Data in this exercise –

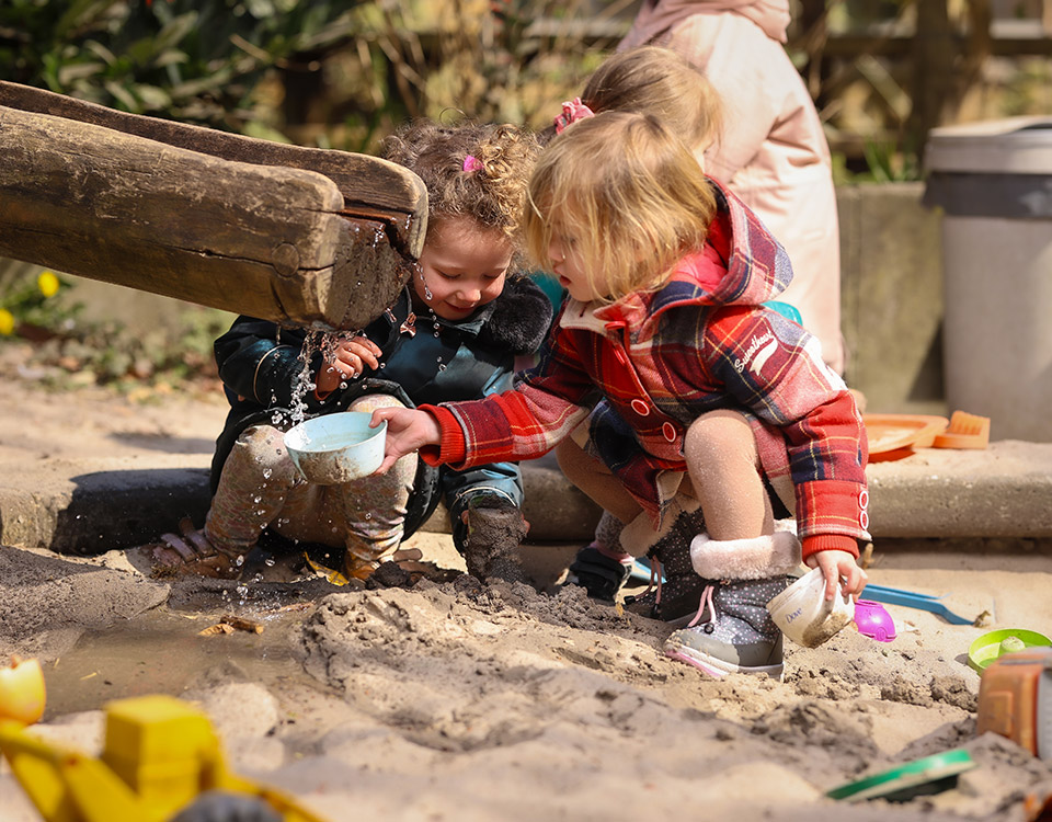 Als groen kinderdagverblijf zijn we veel buiten. Veel activiteiten lopen binnen en buiten in elkaar over; in de tuin kunnen kinderen in het vrije spel hun fantasie verder uitleven. Er is volop ruimte om lekker te rennen en te fietsen, er zijn hutten en een bospad. Ze kunnen met water, zand, takken, in de kruiptunnel of in de yurt van wilgentenen spelen.
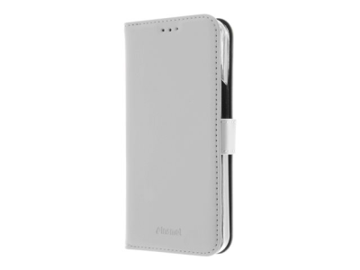 Insmat Exclusive - Flipomslag til mobiltelefon - læder, polykarbonat, karton+papir+aluminiumsfolie, bomuldssyninger - hvid - for Apple iPhone 14 Pro
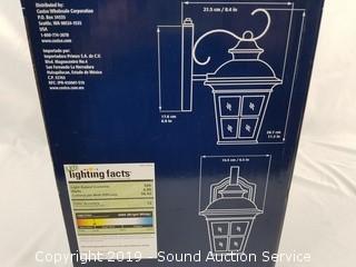 Item Description: Brushed patina finish with clear water glass. 9W, 506 lumens, 3000k color. 11.3" H, 6.5" W, 8.4" D.
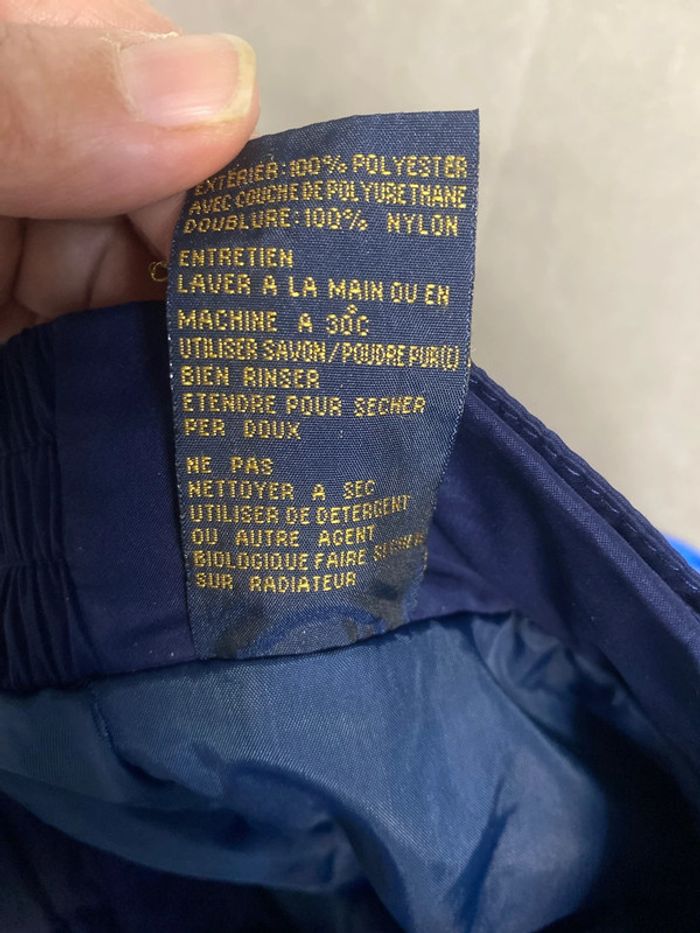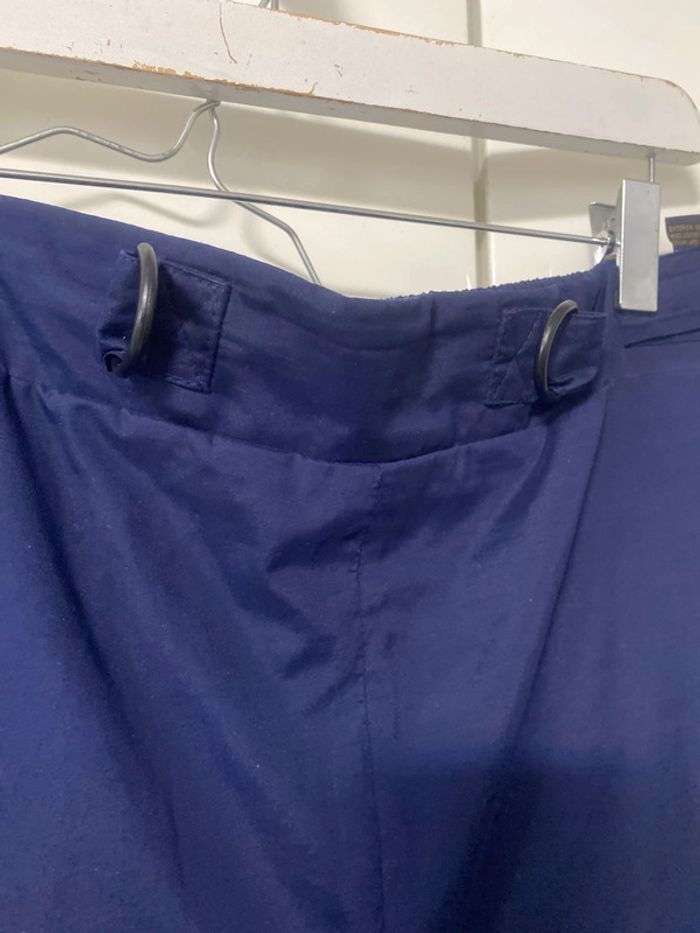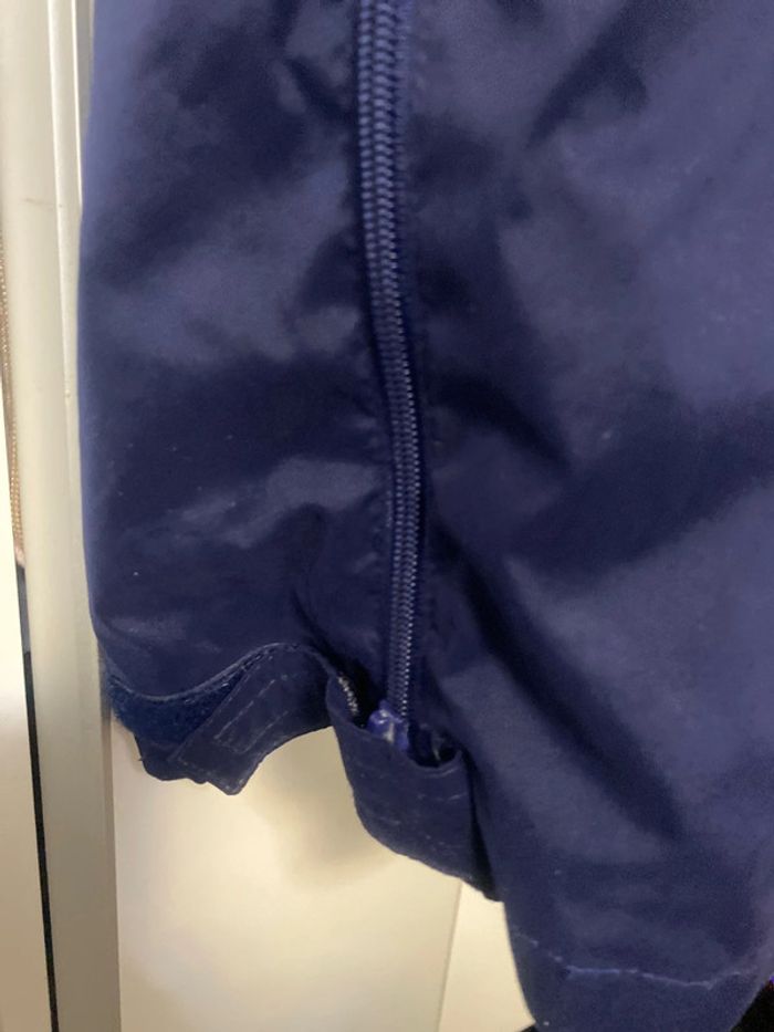 Pantalon extérieur imperméable. Taille, élastique ajustable avec scratchs. Bas avec fermeture zip et scratch. Deux poches. Une poche arrière avec scratch. Longueur 102 cm .
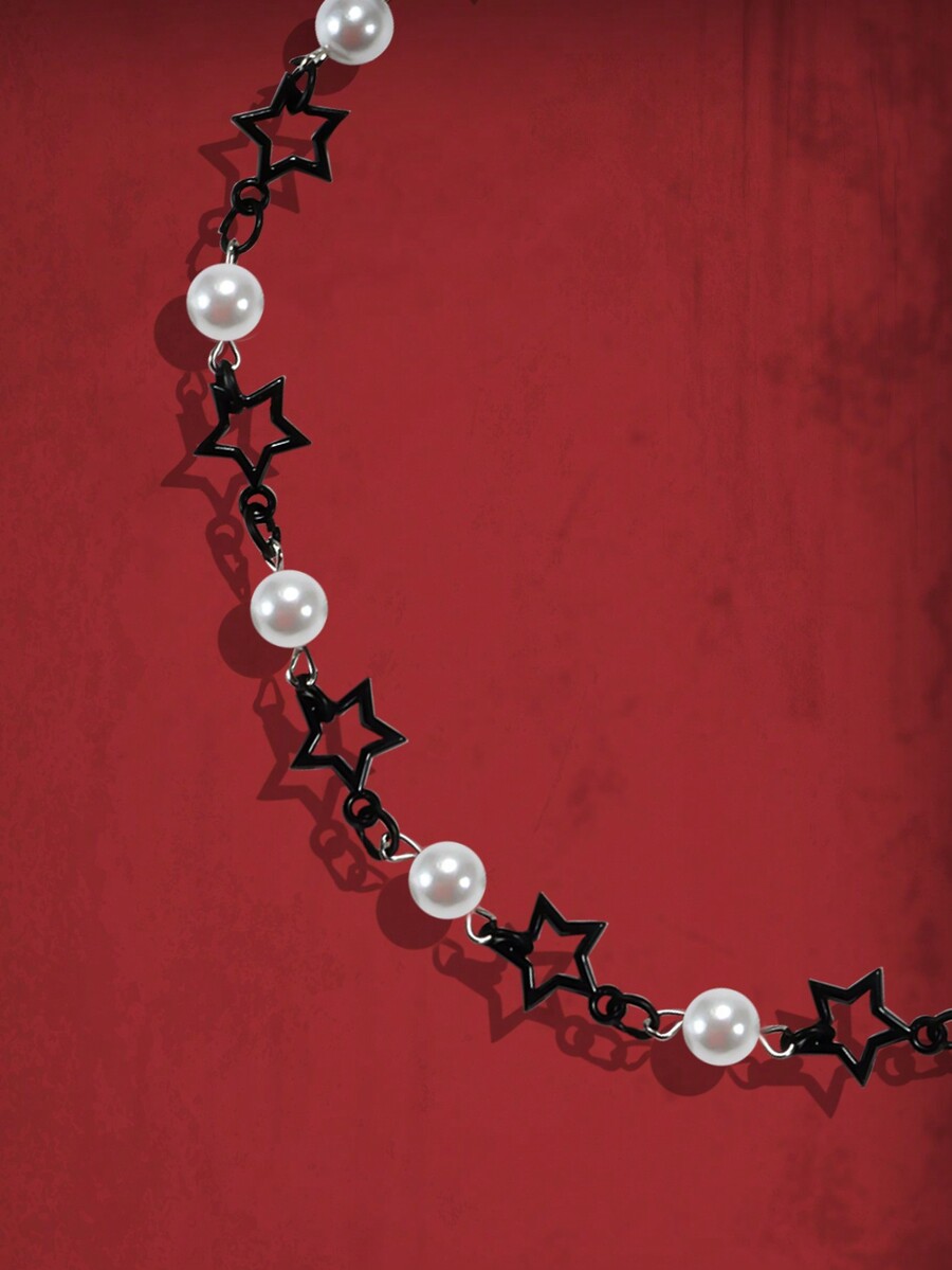 Goth عقد بزخرفة من اللؤلؤ الاصطناعي ونجمة خماسية بطراز Y2k للنساء

Required work – From the line containing "Pantalon extérieur imperméable." down to the end of the data above, reproduce each line exactly; no pictures.

Response –
 Pantalon extérieur imperméable. Taille, élastique ajustable avec scratchs. Bas avec fermeture zip et scratch. Deux poches. Une poche arrière avec scratch. Longueur 102 cm .
 Goth عقد بزخرفة من اللؤلؤ الاصطناعي ونجمة خماسية بطراز Y2k للنساء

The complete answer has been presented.